Newell’s cups are a bit deeper than 3M’s. Notably, Newell said those cuts would be for office workers, not manufacturing or other parts of the business.

So while Newell CEO Ravi Saligram said it would “help partially offset the impact of macro-economic pressures on the business”, the company’s announcement was heavy on the consultants’ language – “agile”, “agile” and “optimized” all appearances made.

It is, from start to finish, a corporate restructuring.

And regardless of the economic environment, some companies are always looking to restructure their operations and, as a result, reduce their workforce.

Additionally, this week’s non-tech cuts come at a time when pockets of the economy are still struggling with staff shortages.

As 3M chief financial officer Monish Patolawala said on a call with analysts on Tuesday, labor shortages for nurses continue to plague the medical system. For 3M, this translated into slower growth in its medical solutions segment in the fourth quarter due to fewer elective procedures.

In some ways, these exceptional shortages are likely reinforcing the resolve of management teams that now is the time to cut staff. After all, there is still a lot of demand for workers.

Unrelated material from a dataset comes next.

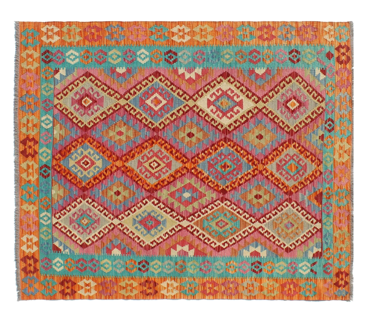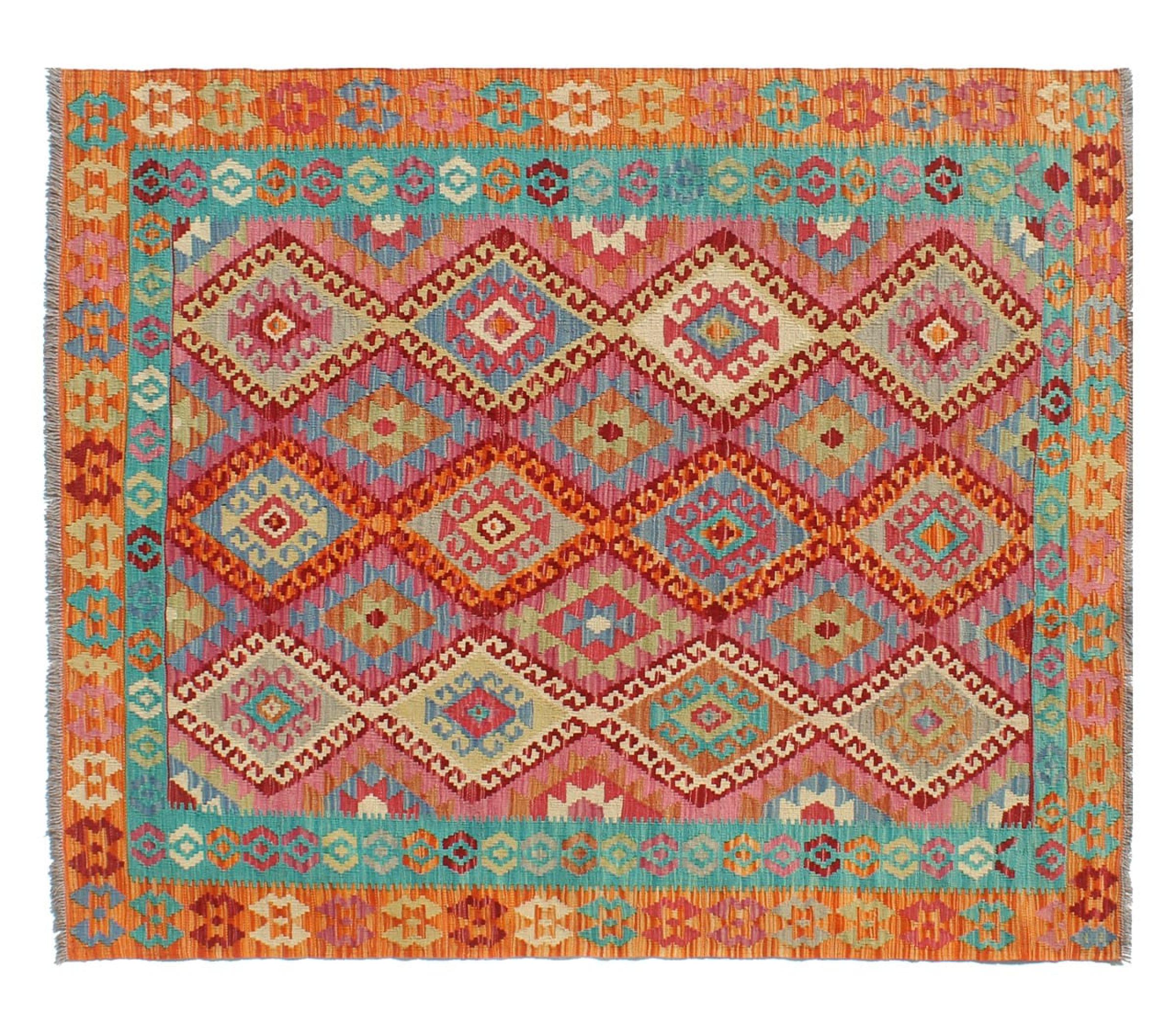 Questo kilim - afghano tessuto a mano è bello sia per i suoi colori e sia per il modello tipico. È stato tessuto a mano in Afghanistan con il 100% di lana. È anche robusto e durevole. Un vero e proprio profitto per voi e per la vostra casa.

Just maybe not for your exact role.

So, as layoff announcements continue to roll out throughout the corporate earnings season over the next few weeks, a line used by Coinbase (COIN) CEO Brian Armstrong to announce the cuts of his own company at the beginning of the month continues to stand out.

“Over the past 10 years, we, along with most tech companies, have focused too much on increasing headcount as a measure of success,” Armstrong wrote. “Particularly in this economic environment, it is important to focus on operational efficiency.”

The challenges facing a company like Coinbase, which sits at the center of a nascent, emotion-driven market, and 3M or Newell, which make things like notebooks, glue, and gauze — among thousands other products in hundreds of end markets – in many ways couldn’t be more different.

But the pool of companies in this country that are publicly traded and subject to pressure from their stock prices and their shareholders is not very large.

And the set of hiring, firing, and acquisition decisions faced by these leadership teams are often more alike than they are different.

So when one CEO says the time is right to “refocus our attention on operational efficiency,” many others will follow. How far this message has traveled will be one of the stories of the year.